Sundays are usually not happy days for me. Whatever good feelings I carry away from Sunday morning worship evaporate on the way to the parking lot.
This morning it was an argument with my daughter that burst the bubble. My facts were right and hers were wrong, but my sarcasm and exasperation were as wrong as her assertion that I didn't know anything.
Stepping away from the world of hymns and prayers into "What's for lunch?' and "Can I have my allowance?' is so hard. Even harder than getting everyone out the door to go to church in the first place. All that takes is determination. Going home again--clearly I'm no authority on how to make that work.
What were Sunday afternoons like in the Luther household? In Bach's? Capable wives saw to it that lunch was ready when the men returned from their morning's duties. (And I should mention their names: Katie Luther, Maria Barbara and then Anna Magdalena Bach.) Did they ever resent being jerked back into their practical lives, while theological or musical discourse continued around the table among the men? I can't say that I remember my mother enjoying the preparation of Sunday dinner, and then the waiting for the organist husband to get home to eat it.

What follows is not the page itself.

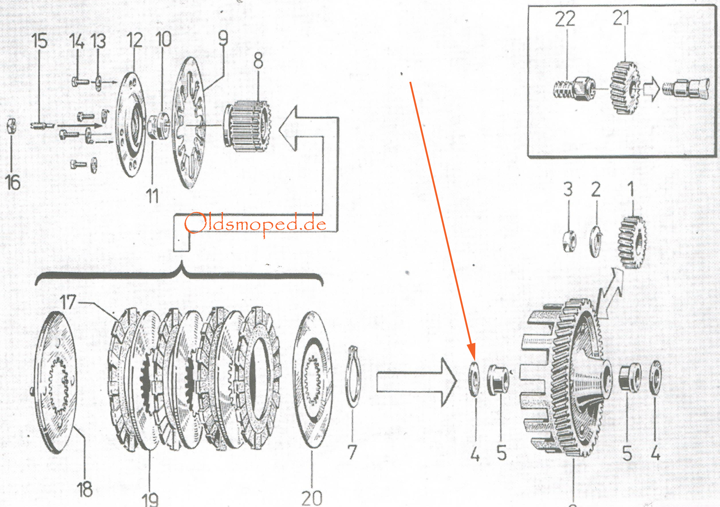Anlaufscheibe für Kupplungszahnrad. Simson Motor M500-M700.

There's a Transfiguration hymn that ends "And since you bid us leave the mount, Come with us to the plain."
That would be plain in the geographic sense, a contrast with the mountain-top experience. But it's plain on the plain (despite the rain in Spain--never mind). And there are children there--all of whom want something different out of Sunday than mom does.
Eleven hours after leaving church, that same daughter is still arguing with me! It has been going on all day long, and I continue to have little or no patience.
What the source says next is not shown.